Carmen Soler (1924–1985) was a Paraguayan educator, poet and member of the Paraguayan Communist Party. She was born in Asunción on August 4, 1924 and died in Buenos Aires on November 19, 1985. She was imprisoned and exiled several times for fighting against the dictatorship of Alfredo Stroessner.

Early life and education
Born in Asunción, the capital of Paraguay, Soler attended primary and secondary there.

Career
After completing her studies and already married to Marcus Aurelius Aponte, she moved to Chaco where she worked as a bilingual rural schoolteacher. There she first encountered social problems such as villagers without land, and the extreme poverty in which the Indians lived.

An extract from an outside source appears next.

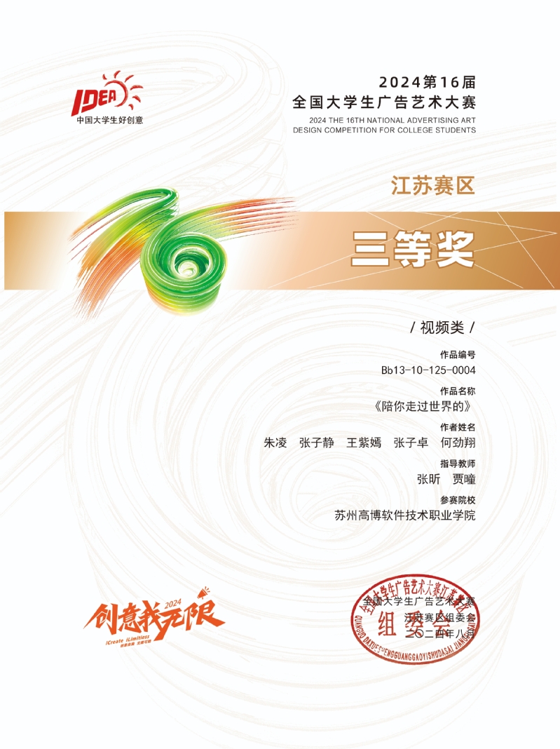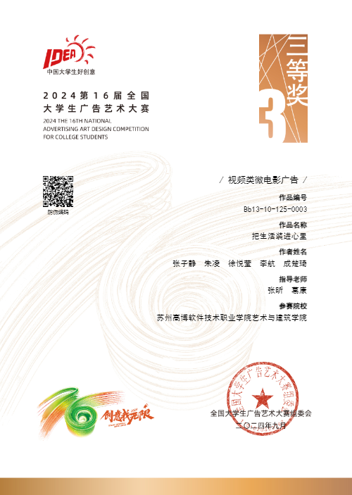在近日揭晓的“创意我无限”第16届全国大学生广告艺术大赛中,苏州高博职业学院艺术与建筑学院师生经过4个月的努力,凭借独特的创意构思、深刻的主题挖掘和精湛的艺术表现力,从众多参赛作品中脱颖而出,其中张子静、朱凌、徐悦莹、李航、成楚琦创作的,张昕、葛康老师共同指导的学生作品《把生活装进心里》获江苏赛区视频类一等奖、全国视频类三等奖,朱凌、张子静、王紫嫣、张子卓、何劲翔创作的,张昕、贾曈老师共同指导的学生作品《陪你走过的世界》获江苏赛区视频类三等奖、全国视频类三等奖。

Political militancy and poetry
In 1947, she joined the Febreristas, a socialist movement in which her brother, Miguel Angel Soler, was already active. She participated actively in the struggle against the dictator Moríñigo, wanting to address social inequalities that existed in the country.

After the Civil War of 1947, she was forced into exile in Buenos Aires, where she continued to contact the Febreristas Liberation Bloc, defending the Marxist positions within the movement.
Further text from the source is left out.